Personal information
- Full name: Ashanti Bush
- Born: 18 August 2002 (age 24) Wugularr, Northern Territory
- Original team: NT Thunder / Hawthorn FC (VFLW)
- Draft: No. 8, 2021 AFL Women's draft
- Height: 174 cm (5 ft 9 in)
- Position: Midfielder

Club information
- Current club: Gold Coast
- Number: 19

Playing career^{1}
- Years: Club / Games (Goals)
- 2022 (S6)–: Gold Coast / 10 (2)
- ^{1} Playing statistics correct to the end of the 2023 season.

Career highlights
- Goal of the Year: 2022 (S7);

= Ashanti Bush =

Ashanti Bush (born 18 August 2002) is a former Australian rules footballer who played for Gold Coast in the AFL Women's competition (AFLW).

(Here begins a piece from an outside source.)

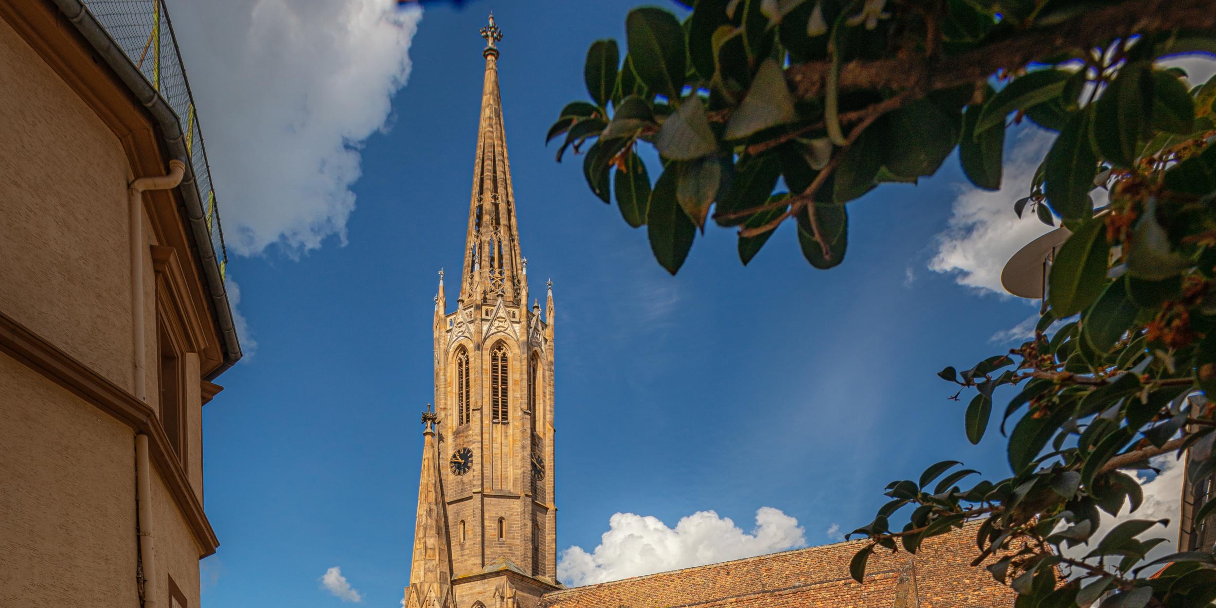 70m ragt der im Jahr 1866 im spätgotischen Stil erneuerte Turm in den Dürkheimer Himmel. Er setzt auf dem Turmstumpf der frühgotischen Kirche aus dem Jahr 1300 auf, welche die ältere romanische Basilika ersetzte, die erstmals im Jahr 946 erwähnt wurde. Die 1508 fertig gestellte Grabkapelle besteht aus der Ruhestätte der Leininger Grafen, dominiert vom Doppelepitaph des Grafen Emich XII. mit seiner Gemahlin Maria Elisabeth, und der Herrscherloge. Mehr erfährt man bei einer Stadtführung.

Bush was born and raised in Wugularr, Northern Territory of indigenous descent, from a Jawoyn (Bagala) regions descended from the Mayali, people and is from a family of Indigenous Australian artists. She attended primary school there before moving to Darwin to attend boarding school. Bush began playing Australian rules from a young age following her older sister and relative David Wirrpanda and Stephanie Williams, always aspiring to play AFLW. Proving a talent she joined the NT Thunder Academy and later moving to the Gold Coast to join the Gold Coast Suns Academy. To improve her chances of being drafted she followed a proven pathway moving to Melbourne to play games with Hawthorn Football Club’s VFLW team before being drafted by the Gold Coast Suns.

Bush was picked by the Gold Coast at number 8 in the 2021 AFL Women's draft. She debuted in 2022 (S6) and won the Goal of the Year in her second season for her Round 10 goal.